*Problem*: Retype word for word the stretch of entries below from the line that has "Leathlux Cover Compatibile" through the line that has "上品で大人っぽい印象のニットワンピースです。", and omit the pictures.
********
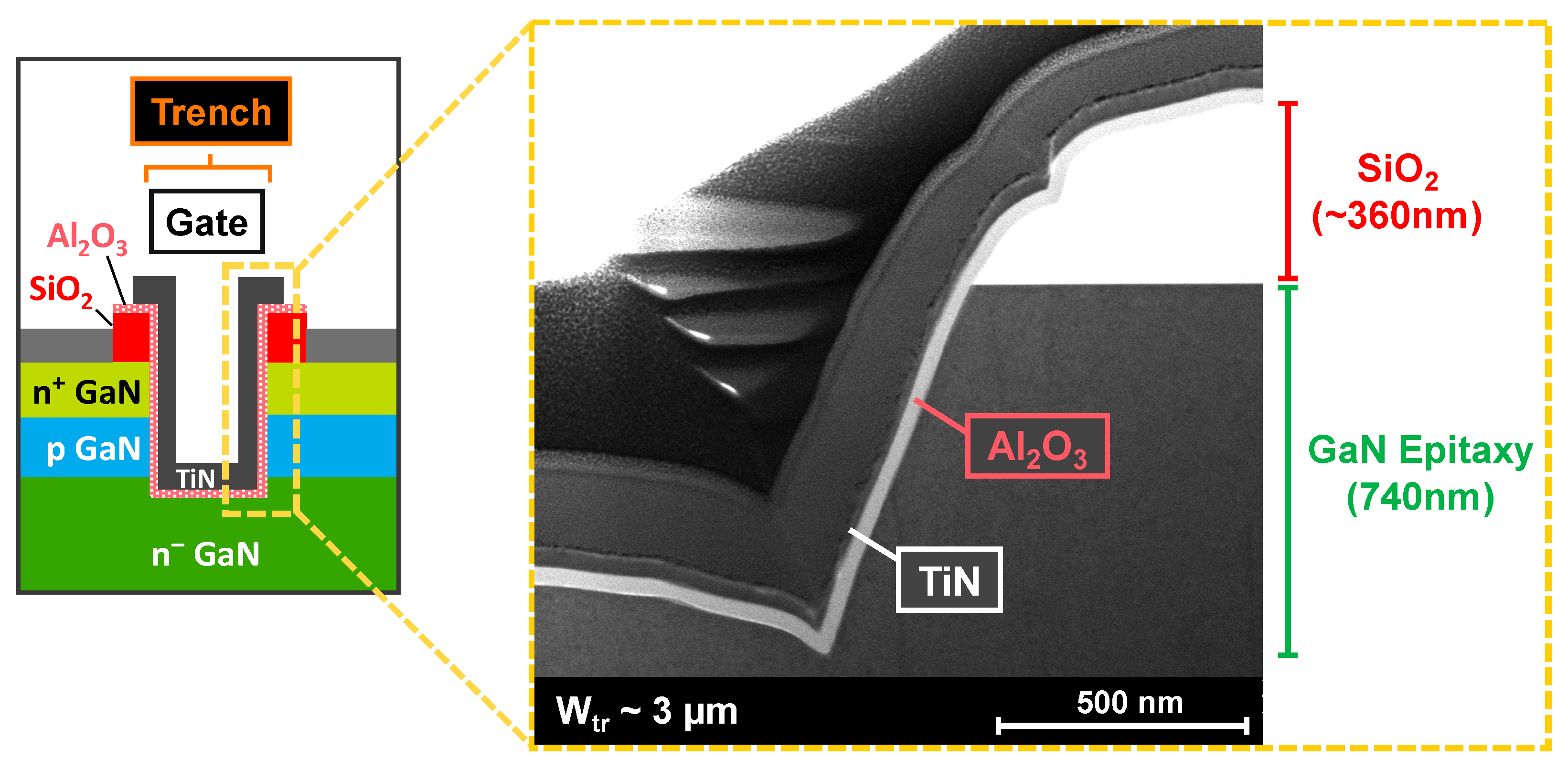 - Ruzzarin, M.; Geens, K.; Borga, M.; Liang, H.; You, S.; Bakeroot, B.; Decoutere, S.; De Santi, C.; Neviani, A.; Meneghini, M.; et al. Exploration of Gate Trench Module for Vertical GaN Devices. Microelectron. Reliab. 2020, 114, 113828. [Google Scholar] [CrossRef]
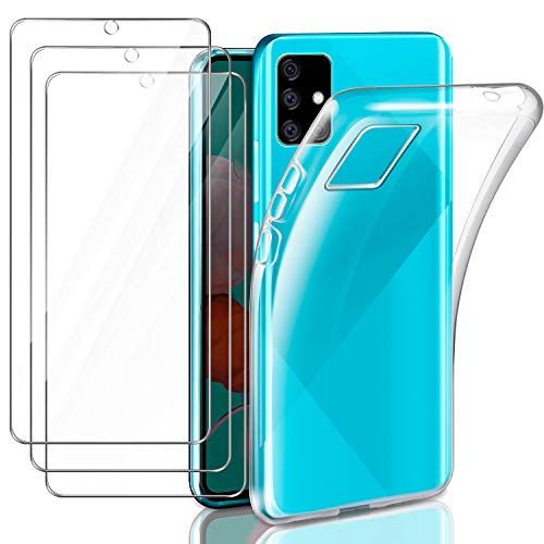 Leathlux Cover Compatibile con Samsung Galaxy A51 4G Trasparente con 3 Pellicola Vetro Temperato, Morbido Silicone…
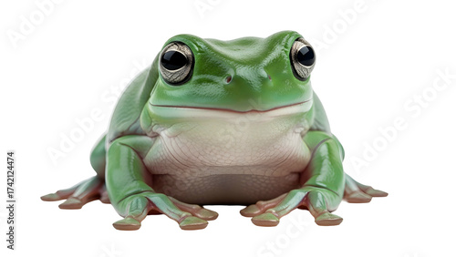 Obraz premium Green tree frog close-up on a dark background, facing forward
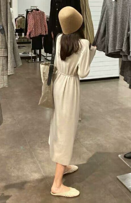 上品で大人っぽい印象のニットワンピースです。
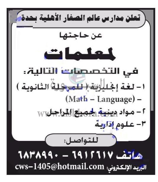 تعلن عدد من المدارس بمدينة جدة بالمملكة العربية السعودية عن وظائف شاغرة للمعملين وذلك وفقا لنص الإعلان التالي:
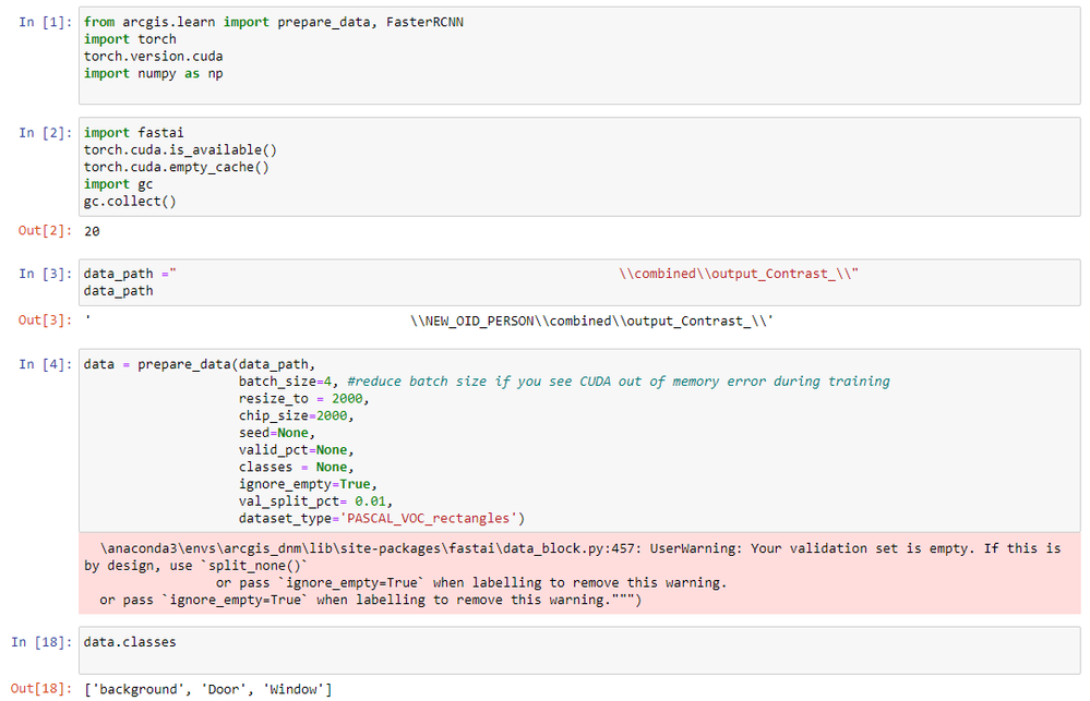 I'm trying to retrain Arcgis's Door and Window model with the ArcGIS Python API, but I'm getting an error. I am new to the field of deep learning. I will share the full code and error below. I tried a lot but I couldn't find how to fix the error. Thank you.
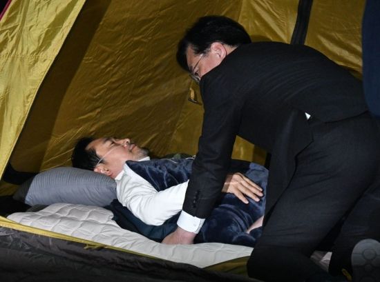 송언석 국민의힘 원내대표가 22일 국회 로텐더홀에서 통일교·공천헌금 '쌍특검' 수용을 요구하며 여드레째 단식 중인 장동혁 대표를 살펴보고 있다.
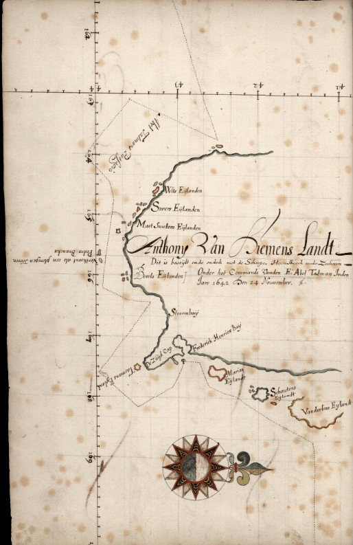 Het in kaart gebrachte deel van Tasmanië (Anthony van Diemens Land), uit het scheepsjournaal van Abel Tasman, waarbij rechts het noorden is (Collectie Nationaal Archief / publiek domein)
********
*Response box*:
 Leathlux Cover Compatibile con Samsung Galaxy A51 4G Trasparente con 3 Pellicola Vetro Temperato, Morbido Silicone…
 Obraz premium Green tree frog close-up on a dark background, facing forward
 上品で大人っぽい印象のニットワンピースです。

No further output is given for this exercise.